Using the records below, write out only the lines from the line containing "In Figure 15, the" up to and including the line containing "Двухрядный имеет единую", exactly, with no pictures.
————————
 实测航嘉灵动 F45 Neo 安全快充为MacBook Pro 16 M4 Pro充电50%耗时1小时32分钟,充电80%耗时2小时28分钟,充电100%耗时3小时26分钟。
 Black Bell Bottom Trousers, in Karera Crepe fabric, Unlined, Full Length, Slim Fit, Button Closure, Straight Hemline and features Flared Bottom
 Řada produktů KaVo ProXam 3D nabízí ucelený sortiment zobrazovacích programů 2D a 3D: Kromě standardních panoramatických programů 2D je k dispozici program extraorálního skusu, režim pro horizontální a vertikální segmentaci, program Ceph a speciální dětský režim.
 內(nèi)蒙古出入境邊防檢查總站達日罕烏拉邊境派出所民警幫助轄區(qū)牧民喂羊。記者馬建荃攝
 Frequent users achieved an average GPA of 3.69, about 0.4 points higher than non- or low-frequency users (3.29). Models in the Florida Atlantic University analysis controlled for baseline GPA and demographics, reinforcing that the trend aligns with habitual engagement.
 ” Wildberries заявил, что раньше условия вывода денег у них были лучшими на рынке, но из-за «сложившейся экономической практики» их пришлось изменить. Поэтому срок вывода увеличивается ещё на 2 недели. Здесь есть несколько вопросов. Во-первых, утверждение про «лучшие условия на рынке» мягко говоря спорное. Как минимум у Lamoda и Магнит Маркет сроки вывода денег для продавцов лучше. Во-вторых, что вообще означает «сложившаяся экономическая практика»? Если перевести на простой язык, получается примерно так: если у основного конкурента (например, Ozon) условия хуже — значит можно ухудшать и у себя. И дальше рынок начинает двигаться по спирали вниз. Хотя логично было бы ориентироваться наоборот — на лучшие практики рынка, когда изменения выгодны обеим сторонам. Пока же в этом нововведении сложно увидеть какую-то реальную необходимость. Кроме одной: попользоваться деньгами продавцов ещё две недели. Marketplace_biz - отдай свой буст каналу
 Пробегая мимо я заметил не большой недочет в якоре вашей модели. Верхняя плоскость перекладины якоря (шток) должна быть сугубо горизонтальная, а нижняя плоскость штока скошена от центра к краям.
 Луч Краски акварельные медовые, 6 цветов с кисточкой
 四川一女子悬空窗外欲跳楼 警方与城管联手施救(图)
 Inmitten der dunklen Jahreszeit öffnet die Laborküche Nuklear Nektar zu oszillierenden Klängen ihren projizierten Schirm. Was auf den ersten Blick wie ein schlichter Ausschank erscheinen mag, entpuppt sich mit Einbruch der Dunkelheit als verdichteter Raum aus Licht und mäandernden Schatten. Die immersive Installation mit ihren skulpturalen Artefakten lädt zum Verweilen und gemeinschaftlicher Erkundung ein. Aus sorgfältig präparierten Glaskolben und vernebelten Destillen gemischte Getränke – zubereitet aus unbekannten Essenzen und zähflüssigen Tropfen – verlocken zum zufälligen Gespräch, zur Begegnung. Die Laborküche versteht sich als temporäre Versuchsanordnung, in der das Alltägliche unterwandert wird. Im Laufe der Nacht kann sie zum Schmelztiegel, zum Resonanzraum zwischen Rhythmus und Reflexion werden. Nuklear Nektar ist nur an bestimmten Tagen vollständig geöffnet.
————————
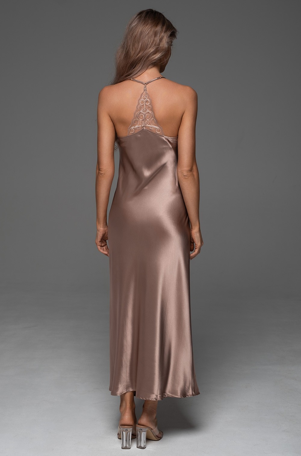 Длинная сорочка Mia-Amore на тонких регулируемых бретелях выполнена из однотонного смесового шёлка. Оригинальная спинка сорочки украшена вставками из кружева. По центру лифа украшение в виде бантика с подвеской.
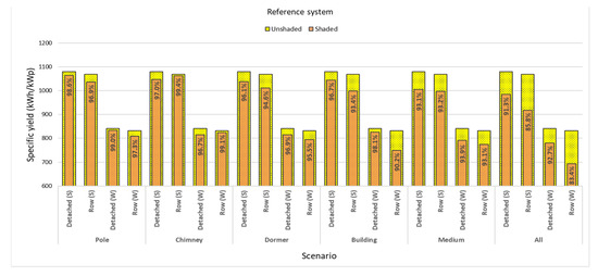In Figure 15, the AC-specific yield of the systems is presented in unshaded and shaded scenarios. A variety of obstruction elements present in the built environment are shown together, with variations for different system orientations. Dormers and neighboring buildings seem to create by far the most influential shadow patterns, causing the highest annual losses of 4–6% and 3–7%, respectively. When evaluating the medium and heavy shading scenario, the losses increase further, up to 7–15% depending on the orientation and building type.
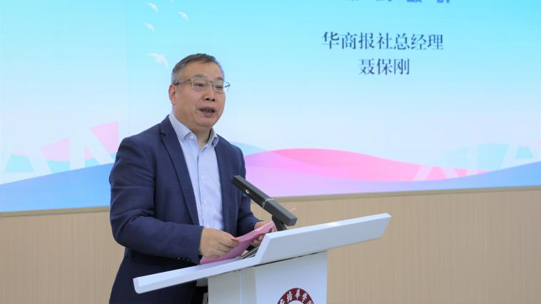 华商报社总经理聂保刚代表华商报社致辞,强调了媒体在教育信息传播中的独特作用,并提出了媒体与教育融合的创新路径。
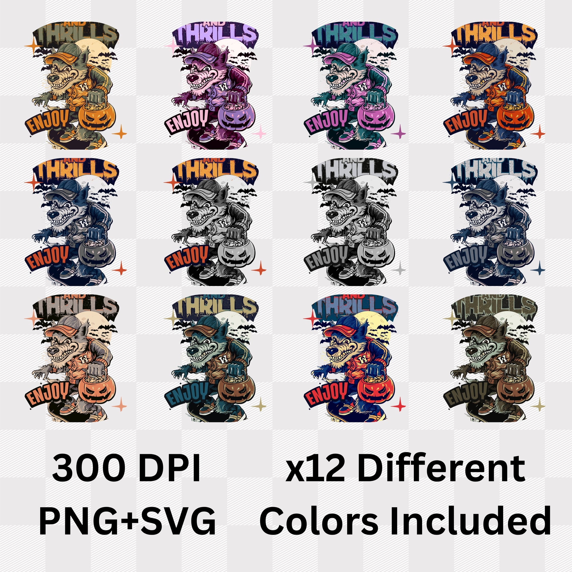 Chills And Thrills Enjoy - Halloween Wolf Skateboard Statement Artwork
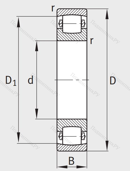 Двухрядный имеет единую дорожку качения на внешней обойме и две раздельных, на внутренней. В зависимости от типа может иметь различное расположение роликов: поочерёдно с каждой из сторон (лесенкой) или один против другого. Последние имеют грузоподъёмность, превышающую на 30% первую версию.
————————
> Completed task:
In Figure 15, the AC-specific yield of the systems is presented in unshaded and shaded scenarios. A variety of obstruction elements present in the built environment are shown together, with variations for different system orientations. Dormers and neighboring buildings seem to create by far the most influential shadow patterns, causing the highest annual losses of 4–6% and 3–7%, respectively. When evaluating the medium and heavy shading scenario, the losses increase further, up to 7–15% depending on the orientation and building type.
 华商报社总经理聂保刚代表华商报社致辞,强调了媒体在教育信息传播中的独特作用,并提出了媒体与教育融合的创新路径。
 Chills And Thrills Enjoy - Halloween Wolf Skateboard Statement Artwork
 Двухрядный имеет единую дорожку качения на внешней обойме и две раздельных, на внутренней. В зависимости от типа может иметь различное расположение роликов: поочерёдно с каждой из сторон (лесенкой) или один против другого. Последние имеют грузоподъёмность, превышающую на 30% первую версию.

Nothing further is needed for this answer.